The Hopper w/ Sling built-in is where there is a definite feature advantage since only that model allows the transfer of recordings to your iPhone/iPad mobile device... neither the sling adapter or the standalone slingbox would give you that feature on the original Hopper.

But for your purposes if you mainly just want the sling features AND want to be able to use Slingplayer software... you should be good to go.

Oh, the other thing... Dish Anywhere is free for everyone... but the iPhone/iPad Slingplayer app costs money last I checked... I do not know if Dish Anywhere will work with a slingbox, but it might. Maybe someone with a slingbox can chime in on that point.


----------



## harsh

SeaBeagle said:


> How is Vulkano Flow set up with a Dish Anywhere?


It is not.

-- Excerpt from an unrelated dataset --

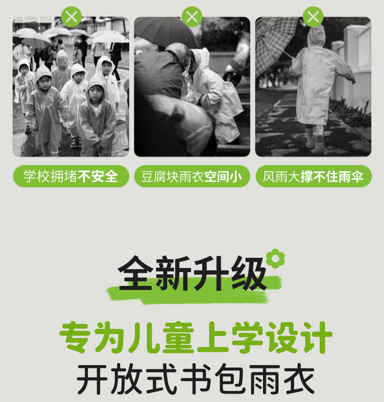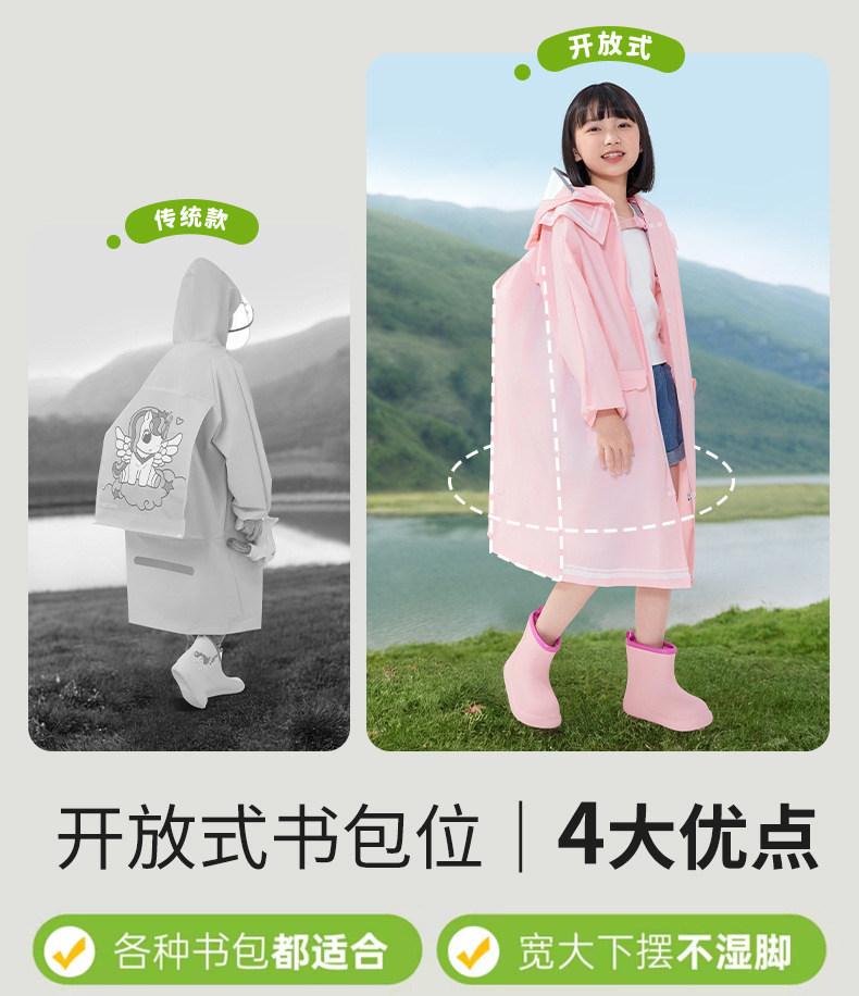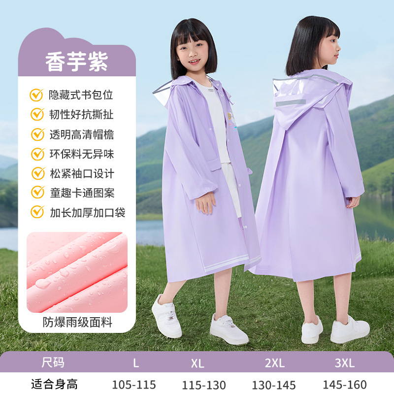초등학생을 위한 남아, 여아용 아동용 비옷, 책가방 포함, 긴 전신 일체형 방수 비옷스토어 가기

DISH Anywhere supports only Slingloaded devices (ViP922, HWS and Sling Adapter).

As conventional Slingboxen used to be supported and aren't any longer, it seems unlikely that Monsoon support will ever be added.


----------



## Wilf

The Vulkano Flow works, but the iPad app is badly in need of an update.


----------



## harsh

Wilf said:


> The Vulkano Flow works, but the iPad app is badly in need of an update.


While the Vulkano Flow works with DISH receivers, I'm pretty sure that it does NOT work with DISH Anywhere.


----------